In this guide
Imagery Archive
Last Updated: October 4, 2023
PGC’s imagery archive contains millions of scenes for the polar regions. Learn where, why, and how the PGC collects imagery.
Geographic Coverage
The PGC imagery collection primarily covers the polar regions.
The polar regions (by our definition) consist of all of Antarctica and most land masses south of 60°S, as well as land masses in the Arctic north of 60°N and some extended regions including Kamchatka in Russia and southeast Alaska.
More recently, PGC’s archive also contains imagery for most of the land represented by the Randolph Glacier Inventory, featuring high-altitude, ice-covered terrain all over the world.

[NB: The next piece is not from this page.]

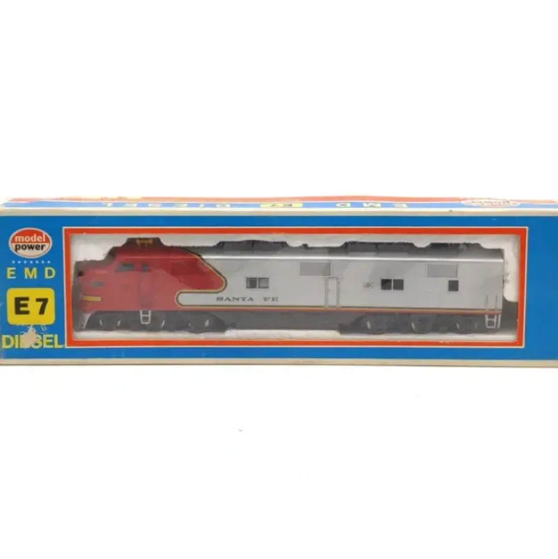 Here is a Model Power 910 HO Scale Atchison Topeka Santa Fe E7 Diesel Locomotive. Features include a powerful motor, a plastic trucks, metal wheels, and horn hook couplers.
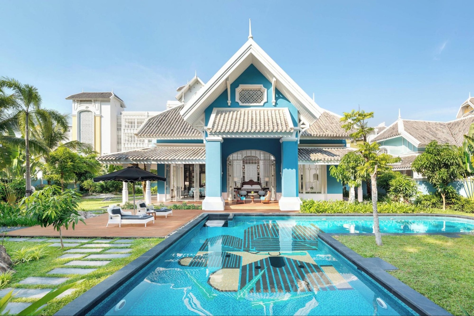 ベトナム・フーコックのエメラルドグリーンの海岸に位置するラグジュアリーリゾート「JWマリオット フーコック エメラルド ベイ リゾート&スパ」。建築好き必見、このホテルは建築家ビル・ベンスリーがデザインしたもの。

In conjunction with NASA, PGC also stores imagery used by ABoVE (Arctic-Boreal Vulnerability Experiment).
PGC has assisted earth scientists with many other projects, including imagery to study volcanoes, landslides and other large-scale terrain changes, and ocean/shoreline changes worldwide. However, these cases are on a limited basis, negotiated with ad hoc agency agreements.
By the Numbers
By the end of 2016, PGC’s optical, high resolution imagery collection contains more than 8.5 million unique Maxar scenes.
Related Guide: MAXAR Satellite Constellation
The collection occupies more than 3,500 terabytes of disk space, over 2,000 of which is available internally via file-server to our production clusters.
The area represented by PGC’s collection is enough to cover the Earth four times over, thanks to temporal depth extending back to the early 2000s. Since PGC’s inception, the collection has grown by an average of seven terabytes per week.
New Imagery Collection
Overview
The PGC works with the National Geospatial-Intelligence Agency (NGA) to coordinate annual collections of high-resolution imagery over the Arctic and Antarctic regions from Maxar including the WorldView-1, WorldView-2, WorldView-3, and GeoEye-1 sensors.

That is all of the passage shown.